Exercise goal - Starting at the line that contains "Данную таблицу ученик заполняет ежедневно в" and stopping after the line that contains "Crafted in Italy", transcribe the listing below exactly; do not include any pictures.

Material provided -
^^^^
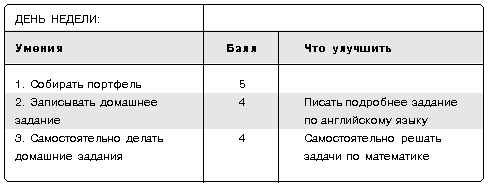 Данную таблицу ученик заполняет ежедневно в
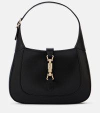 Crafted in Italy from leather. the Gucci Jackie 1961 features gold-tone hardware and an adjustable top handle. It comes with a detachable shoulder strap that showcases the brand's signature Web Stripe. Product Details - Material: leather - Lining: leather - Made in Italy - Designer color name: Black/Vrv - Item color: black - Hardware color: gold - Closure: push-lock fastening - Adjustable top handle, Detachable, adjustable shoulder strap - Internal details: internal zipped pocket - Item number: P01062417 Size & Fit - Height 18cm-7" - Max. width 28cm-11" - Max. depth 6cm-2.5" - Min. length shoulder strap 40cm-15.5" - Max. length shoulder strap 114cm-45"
^^^^
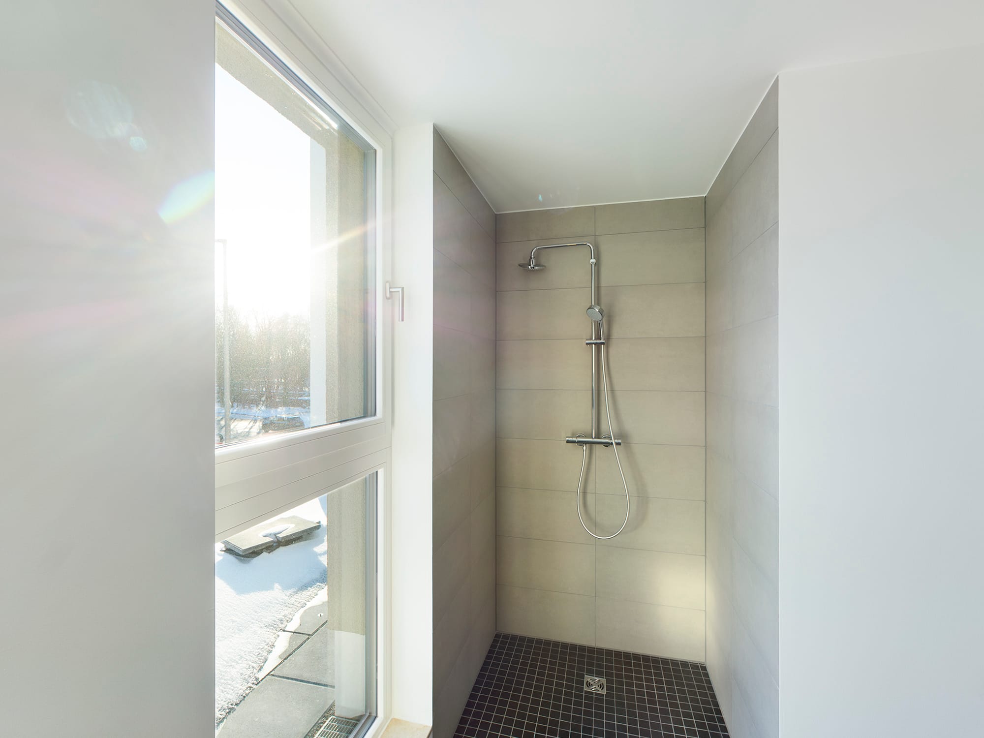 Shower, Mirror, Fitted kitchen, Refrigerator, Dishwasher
^^^^
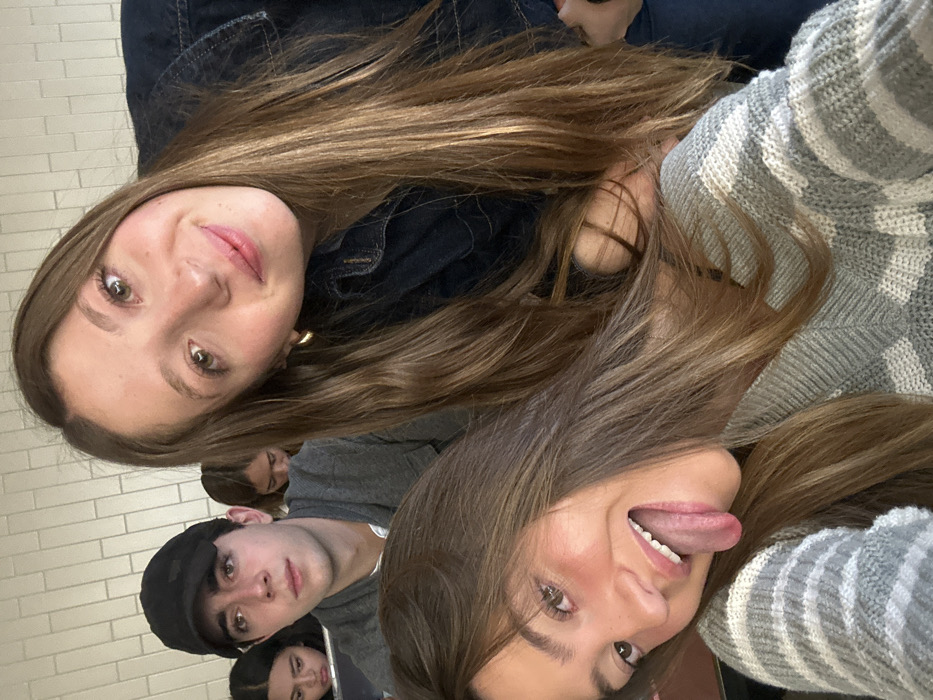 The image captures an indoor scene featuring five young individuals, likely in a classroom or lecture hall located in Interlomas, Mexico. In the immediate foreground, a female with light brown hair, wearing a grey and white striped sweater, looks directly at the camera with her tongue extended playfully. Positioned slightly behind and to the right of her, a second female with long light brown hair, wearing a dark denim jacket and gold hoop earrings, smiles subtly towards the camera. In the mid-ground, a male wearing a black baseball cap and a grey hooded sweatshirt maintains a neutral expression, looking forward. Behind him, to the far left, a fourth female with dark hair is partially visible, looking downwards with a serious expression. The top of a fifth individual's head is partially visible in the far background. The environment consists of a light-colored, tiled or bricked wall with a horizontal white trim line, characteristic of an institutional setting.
^^^^
Task solution -
 Данную таблицу ученик заполняет ежедневно в
 Crafted in Italy from leather. the Gucci Jackie 1961 features gold-tone hardware and an adjustable top handle. It comes with a detachable shoulder strap that showcases the brand's signature Web Stripe. Product Details - Material: leather - Lining: leather - Made in Italy - Designer color name: Black/Vrv - Item color: black - Hardware color: gold - Closure: push-lock fastening - Adjustable top handle, Detachable, adjustable shoulder strap - Internal details: internal zipped pocket - Item number: P01062417 Size & Fit - Height 18cm-7" - Max. width 28cm-11" - Max. depth 6cm-2.5" - Min. length shoulder strap 40cm-15.5" - Max. length shoulder strap 114cm-45"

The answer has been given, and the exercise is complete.